Выбрать главу

В поморском доме темно, потому что окна затянуты мутным, запотевшим целлофаном. Как слюдой...

Рыбацкая изба — это длинный, рубленный в лапу послевоенный барак, стоящий по углам на дубовых пнях или ледникового происхождения валунах, маленькая, обитая рваным дерматином дверь, печь, давно не беленная и обтрескавшаяся, стол, прибитые к полу скамьи. На стене железные кружки висят в ряд на длинных загнутых гвоздях. В углу развороченная сыростью, как взрывом, лохань для умывания, над панцирными сетями-кроватями марлевые пологи от комаров. Еще здесь на полу свалены в кучу горчичного цвета матрасы, а провода, свисающие с низких притолок, приспособлены под бельевые веревки.

А вот раньше на тонях все было иначе: в просторных сараях, выстроенных еще в XIX столетии, а то и раньше, где на выскобленных скребками бревенчатых стенах висел разного рода рыболовный инструментарий — мережь-сеть, острога для ручного боя рыбы, изъеденная морской солью драга для сбора водорослей, берестяной пестерь, что не пропускал воды, а в брезентовом мешке — каменные грузила, — всё было по чину, всё на своем месте, и так из века в век

Старики, оставшиеся в Пурнеме, Лямце, Тамице, Онеге и Ворзогорах, еще помнят, как раньше шили карбаса, чтобы они волну резали, не то, что сейчас «казанки» — как консервные банки с волны на волну переваливаются, как ходили на Кондостров и на Кий.

А во время прилива с фарватера, проставленного ржавыми бакенами, к острову ходят водометные катера «Онега-сплав», что ревут, плюются водой, поднимают волну. Мимо отмелей и выступающих из воды каменных глыб, облепленных жирными лиловыми водорослями, судно способно подойти и к местному причалу — огромному сварному поплавку из-под плавучего крана. С дебаркадера на берег к домам ведет сколоченная из горбыля мостовая. Раньше здесь, на мысу, находилась таможня Крестного монастыря, о которой свидетельствуют сохранившиеся до сих пор вбитые в прибрежные гранитные луды стальные кольца — так перегораживали островную бухту, привязывали корабли. Особо соблюдали вывоз и провоз соли, которую выпаривали на солеварнях Кия.

Дома островных рабочих тут стоят у самой воды, и если ночью не закрывать окно, то в дрожащую красными сполохами печного огня комнату будут доноситься неумолчный шум моря, веками точащего мертвые камни, и крики чаек.

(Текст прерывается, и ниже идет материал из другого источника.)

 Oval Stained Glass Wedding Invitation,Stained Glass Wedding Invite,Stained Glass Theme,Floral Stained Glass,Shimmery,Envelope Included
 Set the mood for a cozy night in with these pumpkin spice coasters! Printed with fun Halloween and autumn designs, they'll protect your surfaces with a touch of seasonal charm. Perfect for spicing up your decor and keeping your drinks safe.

На зиму в приморских поселках Лямицкого берега теперь мало кто остается. По большей части уезжают в Онегу, Мурманск, Архангельск или Северодвинск И становится совсем тихо, наступает то самое внутреннее и внешнее безмолвие, которое было здесь и во времена Соловецких началоположников. Весной и летом на побережье всё оживает, появляются дачники, всё более слышны голоса, смех, детские крики, а еще из Онеги сюда два раза в неделю приходит «Шебалин», привозит почту. Его встречают на «моторах» как посланника Большой земли «всей компанией», приветствуют, просят капитана передать в город друзьям и родственникам «гостинчики».

Он хмурится, но соглашается: мол «а шаньгами-то угостите за это?» —«Конечно!» — смеются на подошедших к «Шебалину» «Казанках», тех самых, «которые как консервные банки с волны на волну переваливаются»...

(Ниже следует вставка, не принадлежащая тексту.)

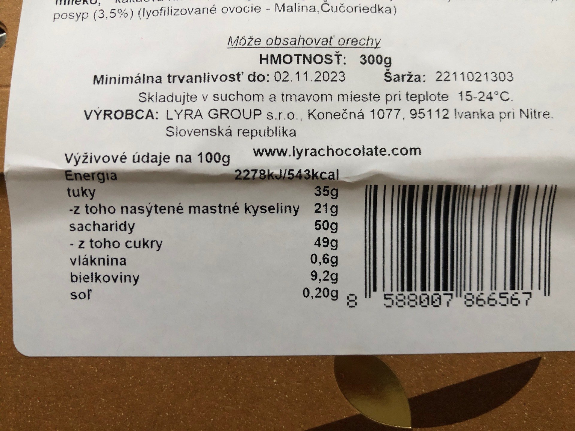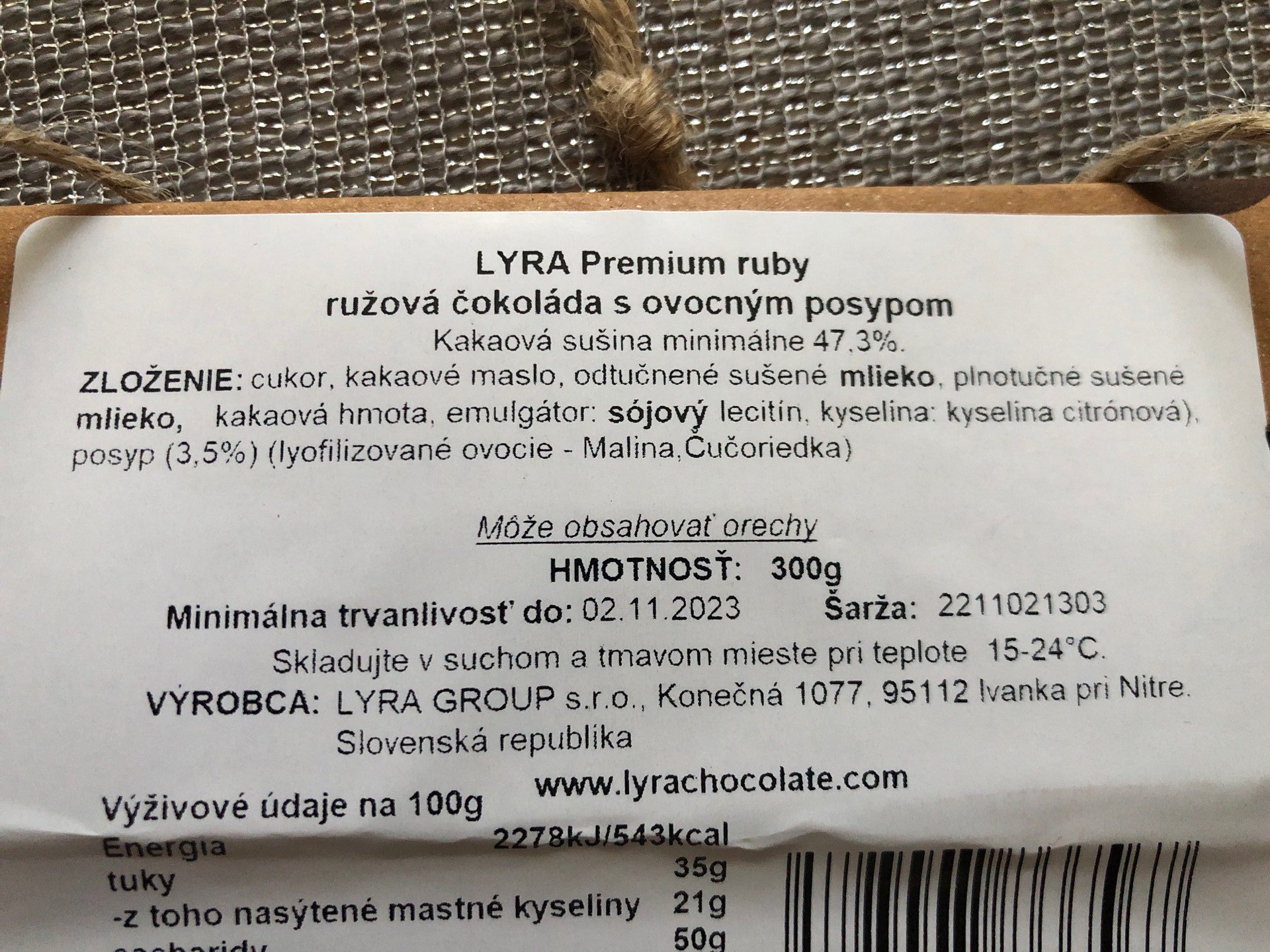 Lyra Premium ruby růžová čokoláda s ovocným posypem.

Еще один населенный пункт Поморского берега Белого моря, который помнит преподобного Германа Соловецкого, — Сумской посад. Точнее сказать, подвижника помнит устье реки Сума, где он в 1435 году встретил молодого монаха Зосиму, откуда они вместе ушли на Соловки и куда Герман, скорее всего, вновь вернулся в поисках «христолюбивых людей ради нужд монастырского строительства».

Первое же упоминание о Сумском посаде (Сумском остроге) относится к 1452 году, когда Марфа Борецкая отписала его в вечное пользование Соловецкому монастырю. Основанное новгородскими переселенцами село находилось на берегу реки Сумы, точнее сказать, было поделено рекой на две части и отстояло от Онежской губы Белого моря на несколько километров. Сделано это было не случайно — весенние половодья и морские приливы были серьезной угрозой посаду, и даже самые изощренные поморские инженерные сооружения (заплотины) не всегда спасали от затопления.

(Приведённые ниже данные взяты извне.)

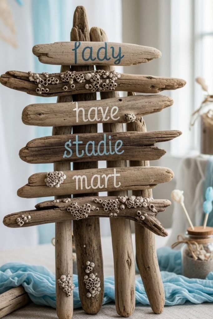Use faux or real driftwood to create directional or decorative signs. Write short phrases like “Welcome,” “Gifts,” or “Treats” using paint or vinyl lettering.
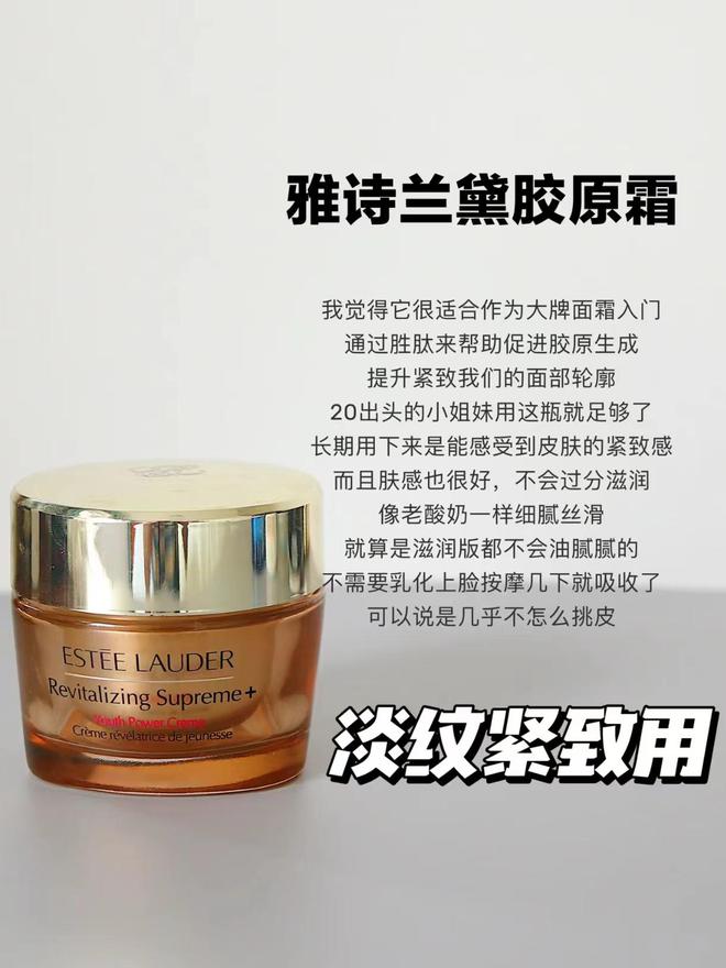 我觉得它很适合作为大牌面霜入门,通过胜肽来帮助促进胶原生成,提升紧致我们的面部轮廓,20出头的小姐妹用这瓶就足够了,长期用下来是能感受到皮肤的紧致感。

К моменту посещения этого поселения Германом оно уже было хорошо известно на побережье как место, где занимались солеварением, морскими промыслами, охотой, а также судостроением. На первый взгляд набор традиционный для северян, но не следует забывать, что лишь зажиточное, имеющее влияние поморское село могло адекватно откликнуться на нужды соловецких отшельников, найдя для себя со временем не только духовную, но и материальную выгоду в таком сотрудничестве.